Эта новая проблема составляет содержание лингвистической дисциплины, которую следует называть стилистикой, или, поскольку речь идет об истории языка, исторической стилистикой. У истории языка поэтому не три, а четыре отдела, именно: фоне­тика, грамматика, семасиология и стилистика. Возникает важный вопрос о взаимоотношении трех первых отделов и четвертого. Для того чтобы эти взаимоотношения были вполне ясны, необходимо сначала обратить внимание на то, что эта новая дисциплина может быть лингвистической дисциплиной только при том непременном условии, что она имеет своим предметом те языковые привычки и те формы употребления языка, которые действительно являются коллективными. Необходимо тщательно отличать экспрессивные качества речи, имеющие своим источником личные свойства и со­стояния говорящего или пишущего, от таких фактов языковой экспрессии, которые коренятся в общественной психологии и представляют собой проявления именно общественной реакции на принадлежащий данному обществу язык. Это важно потому, что в последнем случае экспрессивные качества речи становятся в сущ­ности уже объективной принадлежностью самих фактов языка, переставая быть только свойствами носителей языка. В самом деле, когда говорят, например, приговора вместо приговоры, то для отнесения этого факта к числу тех, кото­рые характеризуются как язык неправильный, или просторечие и т. п., совершенно не существенно, кто именно так сказал, NN или NN', во всяком случае до тех пор, пока кто-нибудь из NN не заставит нас тем или иным способом изменить самую характери­стику этого факта.
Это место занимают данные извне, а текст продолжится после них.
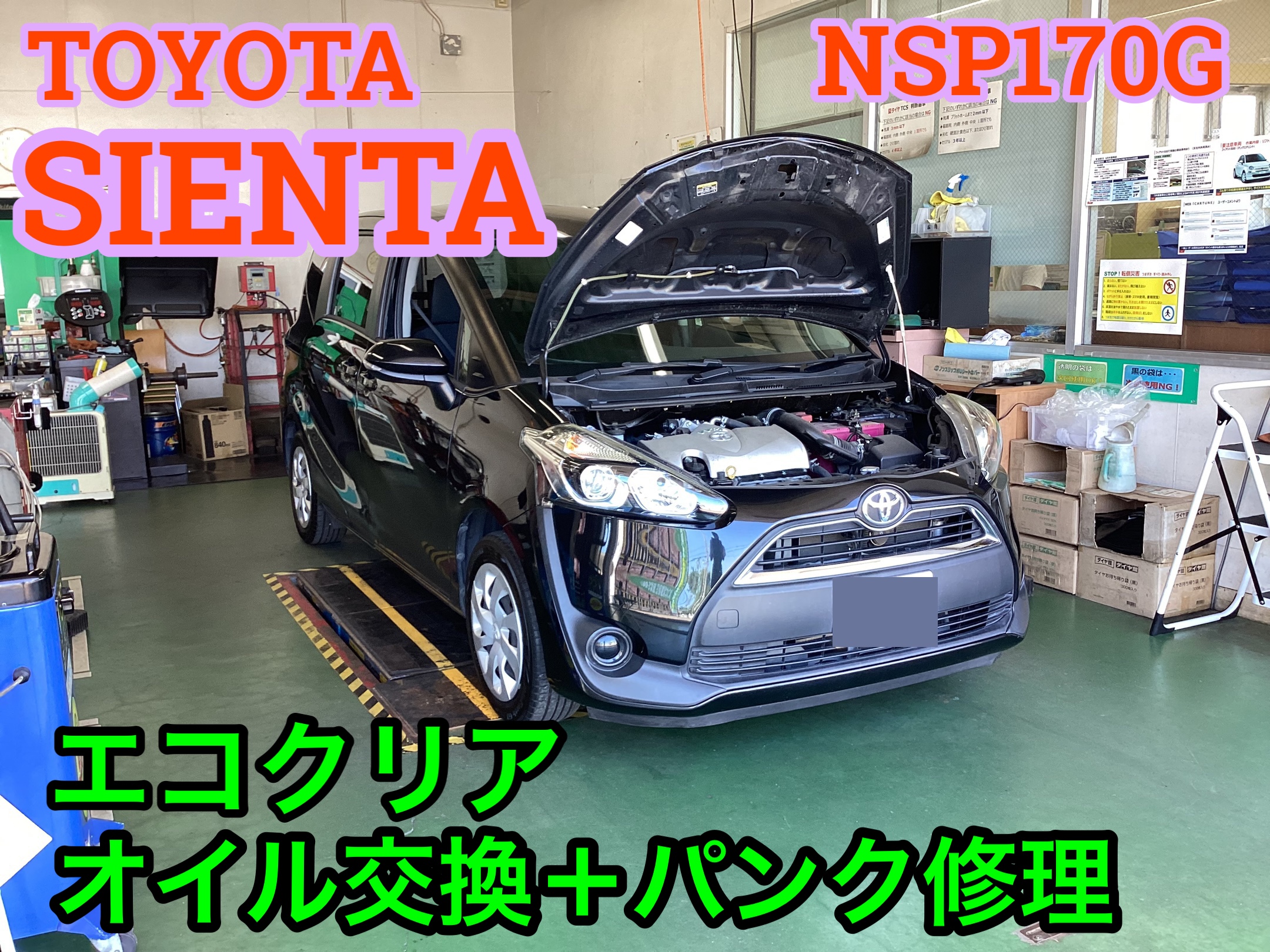 トヨタ・シエンタ(NSP170G)〜オイル交換+パンク修理〜

Следовательно, субъективными соответствую­щие экспрессивные качества языка являются только по происхож­дению, с точки зрения их психологического генезиса, тогда как реально, в исторической действительности, они существуют как вполне объективные свойства тех или иных звуков, форм и знаков. Вот почему мы имеем право утверждать, что действительно в с а-мом языке, а вовсе не в психологии говорящих и пишущих,


If


которая лингвиста непосредственно не интересует, кроме звуков, форм и знаков, есть еще нечто, именно экспрессия, принад­лежащая звукам, формам и знакам. Из всего этого следует, что одно дело стиль языка, а другое дело стиль тех, кто пишет или говорит. Так, например, изучение стиля отдельных писателей, в котором обнаруживает себя своеобразие их авторской личности или конкретная художественная функция тех или иных элементов речи в данном произведении, всецело остается заботой истории литературы и к лингвистической стилистике может иметь разве только побочное отношение, как и другие проблемы культурной истории. Стиль Пушкина, или, как часто говорят, язык Пушкина, в этом смысле имеет к проблемам лингвистической стилистики отношение нисколько не более близкое, чем его поэтика, мировоз­зрение или биография. Все это не мешает знать историку языка, но все это предмет не лингвистики, а истории литературы. Другое дело, если скажут, что в эпоху жизни Пушкина, может быть, и не без его личного влияния, что существенно только во вторую очередь, звук е вместо о под ударением не перед мягкими соглас-ными перестал обладать экспрессией книжно-поэтического языка и сохранил на будущее время лишь экспрессию церковнобогослу-жебного стиля речи. Это, действительно, лингвистическая проб­лема, но она называется не язык Пушкина, а стилистика русского произношения в первые десятилетия XIX в. Еще хуже, когда под предлогом изучения тех или иных способов «отражения действи­тельности в слове» исследователи языка и стиля того или иного писателя фактически изучают не слово и не его экспрессию, а толь­ко то,что отражено в слове, т. е. тему и отношение к ней. Такого метода здесь не стоит опровергать, но считаю не лишним указать на то, что и он тоже почему-то называется иногда лингви­стическим.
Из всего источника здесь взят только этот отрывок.